Digital Fundraising – how can I get into the action?

I came across a motherload of digital fundraising infographics via William Deckers’ Digital Fundraising Pinterest board.

What I am seeing that we can no longer ignore is the majority of people surveyed participate in online activities.  Here’s an infographic that demonstrates:

At this point in time, the majority of fundraising is still done via offline methods, but I feel we are about to see a change since our audiences are shifting to the new way of donating online.

And, of course we all know that the younger generations are increasingly using digital formats in their lives.

We are also seeing an increase in donations per digital formats since last year.  Meaning, people are becoming more acclimated to donating online.

So, how can we get into the action?

Just like any other fundraising campaign, I do suggest that you sit down and plan out your strategy and get as many people involved in spreading the word as possible.  Through my basic research, here is a list of  digital fundraising formats to consider:

  • Your website – As long as it is highly visible, well marketed, and easy to use, donating via your website is still the easiest form of online fundraising.  If you happen to be using a CMS for your website, such as WordPress, there are plug-ins available for sprucing up the functionality of your online donations. PayPal has a widget that you can use to make it really simple, or if you are set up on Google Checkout, or Amazon’s platform, there are widget options for you as well.
  • Third Party Fundraising Services such as Causes, Razoo, Network for Good, are an easy way to get into the online donation game.  Be sure to compare their fees and marketing abilities.
  • Text to Give options! More people are donating via text donation campaigns due to the increase in mobile phone usage.
    In 2008, the American Red Cross raised over $190,000 via text donations, and this is when the technology was fairly new! If you are interested in setting up your own mobile donation campaign, check out:

  • Tweet donations – One of the new formats is the ability to receive a donation via a tweet on Twitter.  If you have a good following, this is a great way to see which of your followers will evolve to become donors.  These programs allow people to sign-up and store payment information to be coordinated with their Twitter accounts. Some of the new ones connect you to your PayPal account.  Of course the organizations need to register too. When the donor tweets the specific code that is set up by the organization, a donation of a certain amount will be withdrawn and paid out to the organization.Currently there are not many service providers for this type of donation program.  You can look into Givver if you are interested.
  • Facebook donations – Many of the donation services have Facebook apps that will coordinate with your Facebook Page.  If you are interested in receiving donations via your Facebook Page, be sure to select a service that has an established app you can install.  If you are not already using a service that has an available app feature, you can sign up directly with Causes.com.
  • Crowdfunding – Many of you already know about Kickstarter, but there are many other options out there to start a crowdfunding campaign.  Please see my past post Choosing the right Crowdfunding is good Audience Development for suggestions on how to choose the right option for you.

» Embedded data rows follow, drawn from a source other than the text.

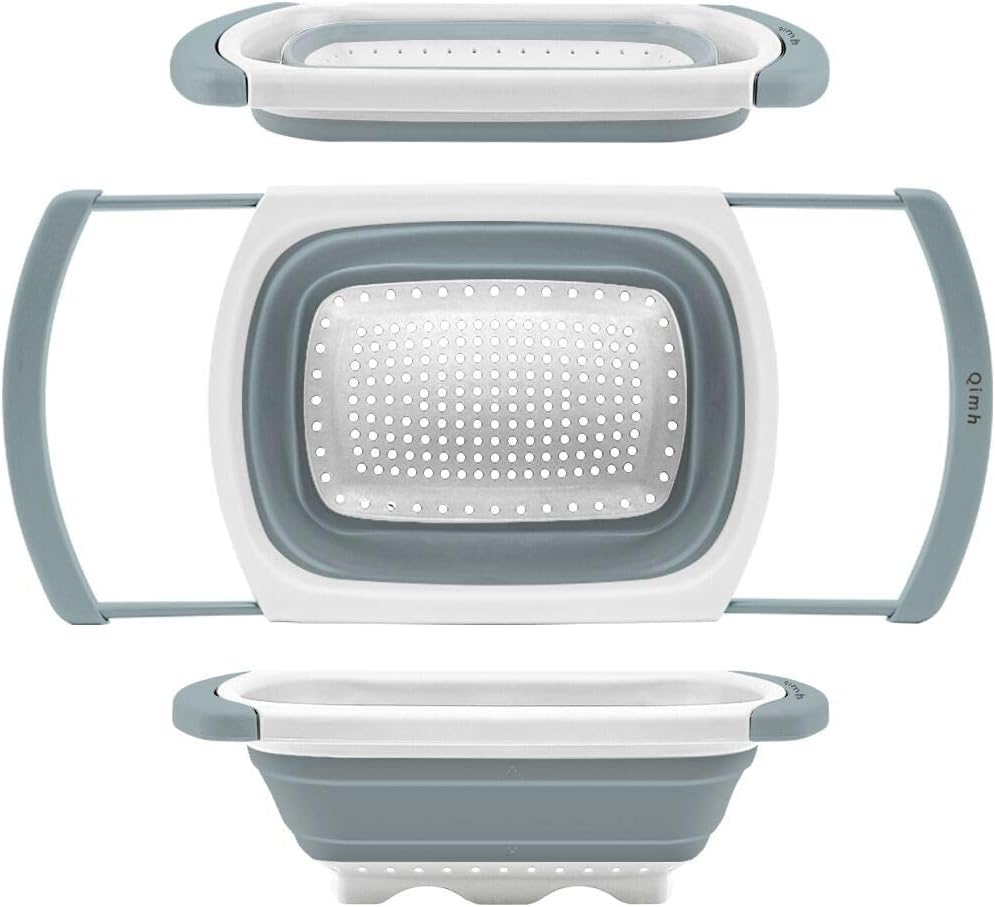 Qimh Collapsible Colander | Over The Sink Silicone Kitchen Strainers and Colanders with Extendable Handles | Veggies, Fruit and Pasta Foldable Strainer for Kitchen, 6-Quart, BPA Free
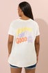 Yours Curve Cream Focus On The Good Graphic Back Print T-Shirt
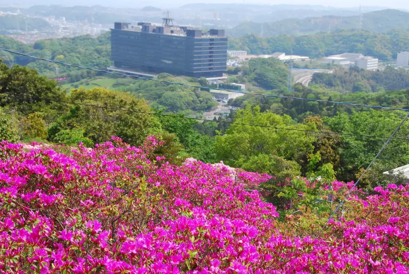 武山山頂には休憩所を兼ねた展望台があります。NTT通信研究所の黒いビルがそびえ立ち、東京湾や海ほたるなどが一望できます。また4月から5月にかけては約1200本のツツジが咲き、訪れる人を楽しませてくれます。

In any case, you will want to choose the format that your audiences want to use.  Go where your audiences are, and if you do not know where to go, ask them in your next survey!

Digital fundraising does not have to be daunting if you treat the process with the same care as you would for any other offline form of fundraising.  The key is to build relationships online before, during and after using these new formats, just as you would with your regular fundraising campaigns.  Once you dip your toe into the world of digital fundraising, I think you will find it fun and rewarding.

If you know of any new digital fundraising formats, please reply and share with us!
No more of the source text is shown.